In Figure 1, (top of this article), the perspective makes this process appear to use wire electrode, but it is actually a strip. The strip is fed through jaws which are the electrodes; the strip sticks out of the jaws and the potential between the strip and the workpiece creates an arc. The arc melts back the strip and the surface of the base material, then more strip is fed into it. The whole area around the end of the jaws (the stick out and the arc) are submerged under flux powder that is gravity fed from a hopper. The flux forms a molten slag that protects the molten weld pool from atmosphere and then solidifies and helps keep the weld bead surface smooth.
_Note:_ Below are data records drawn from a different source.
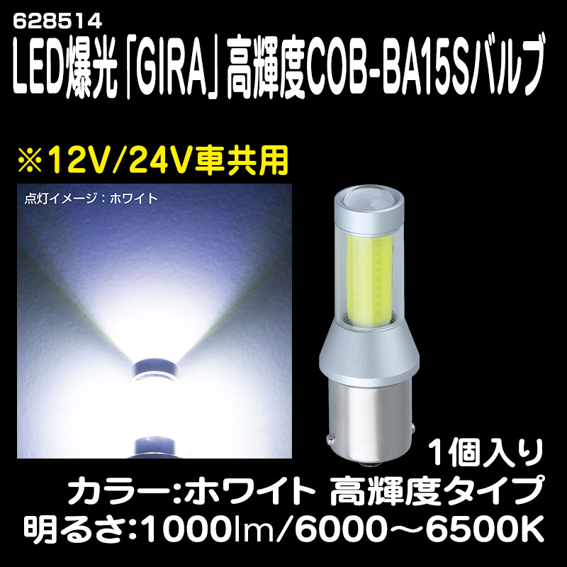 LED爆光「GIRA」高輝度COB-BA15Sバルブ ホワイト12V/24V車共用 628514
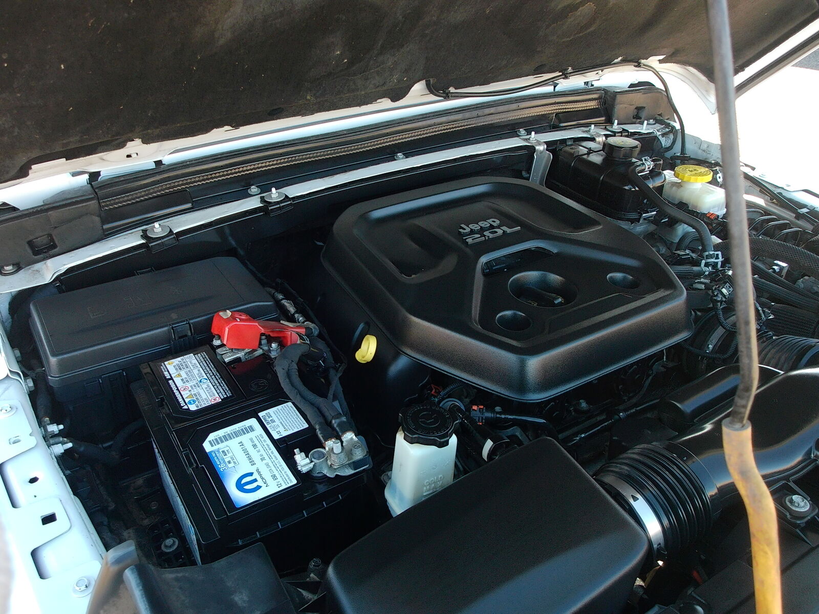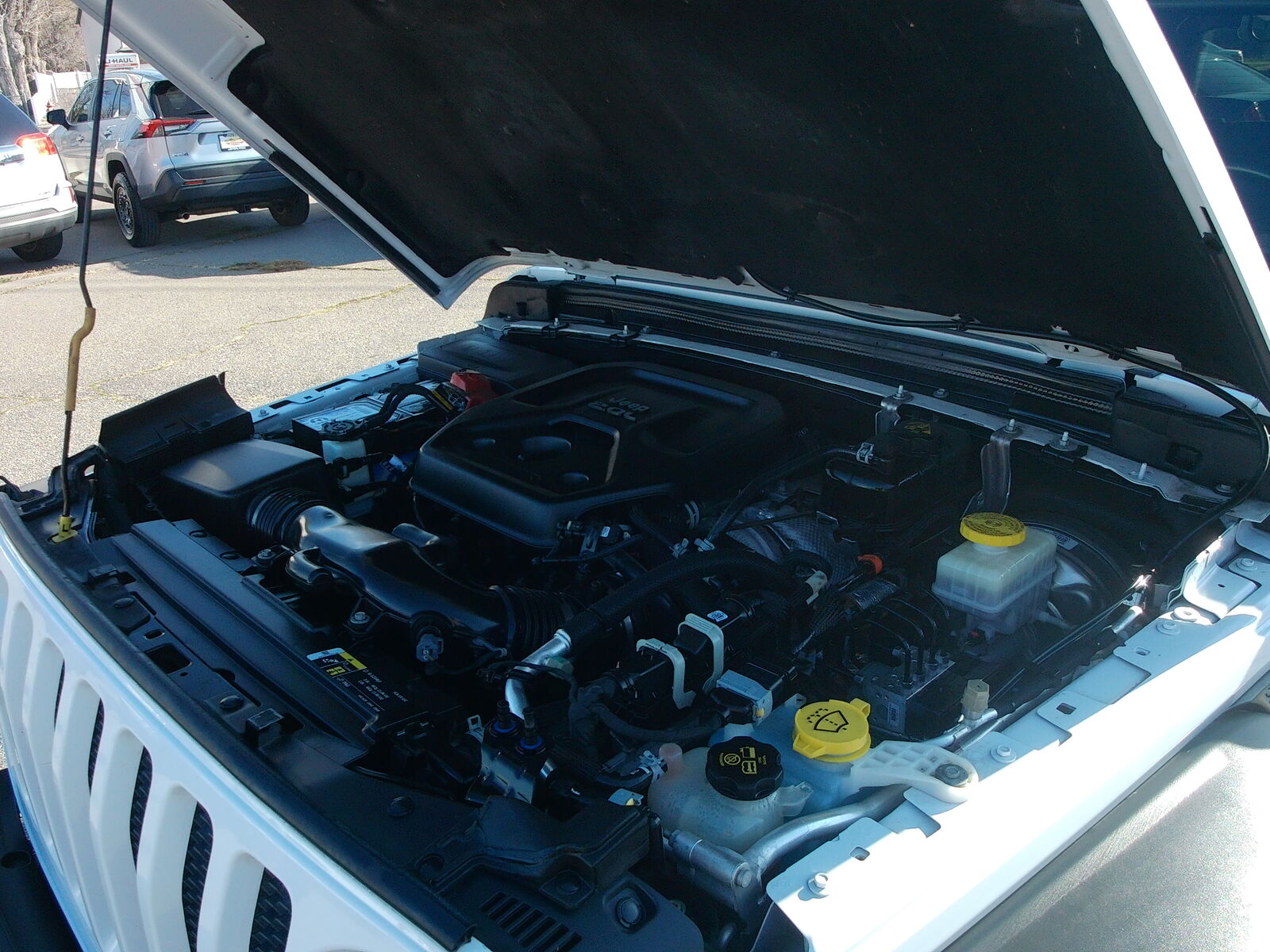 Inside, the cabin features Jeep’s popular 8.4-inch touchscreen radio, keyless entry, and modern safety technology including rear park assist, a backup camera, and a blind spot monitoring system. The durable hard top provides year-round comfort and security while maintaining the iconic Wrangler look.
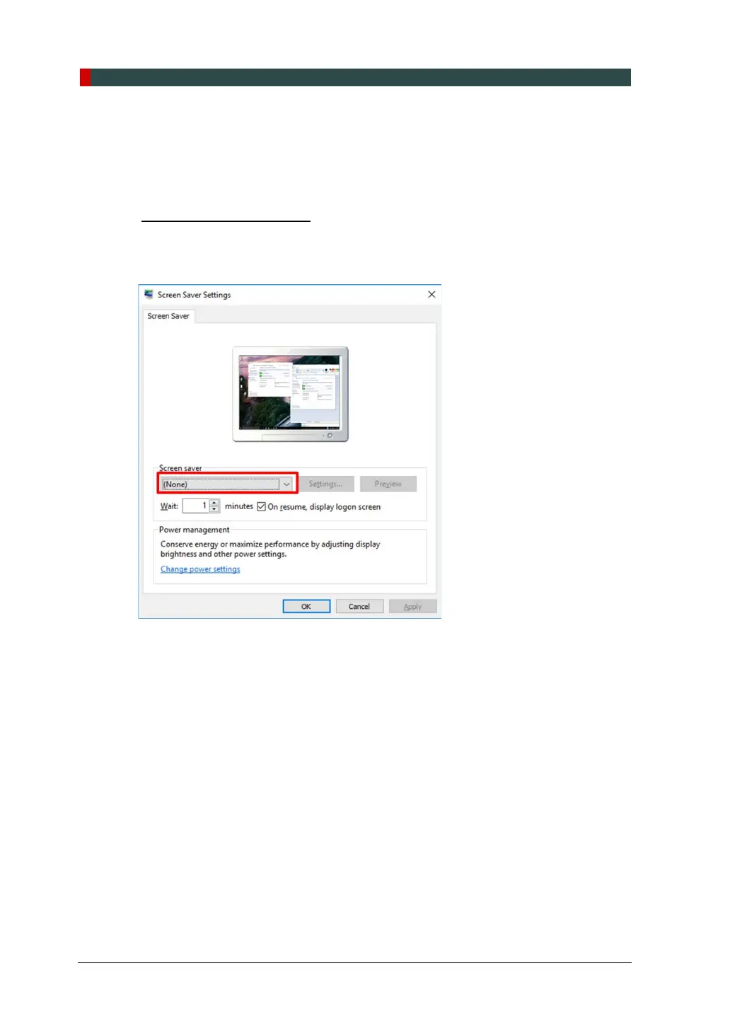 2. On Screen Saver Settings screen, select (None) in the pull-down menu.

Figure 2. Electro Slag Welding.
Figure 2. Electro Slag Welding.

Electroslag strip cladding (Figure 2) is a development of submerged arc strip cladding which has quickly established itself as a reliable high deposition rate process. ESW strip cladding relates to the resistance welding processes and is based on the ohmic resistance heating of a molten electrically conductive slag. There is no arc between the strip electrode and the parent material. The heat generated by the molten slag melts the surface of the base material, and the edge of the strip electrode is submerged in the slag and flux. The penetration achieved with ESW is less than that with SAW because the molten slag pool is used to melt the strip and some of the parent material. The temperature of the slag pool is about 2300°C, making it necessary to water-cool the contact jaws.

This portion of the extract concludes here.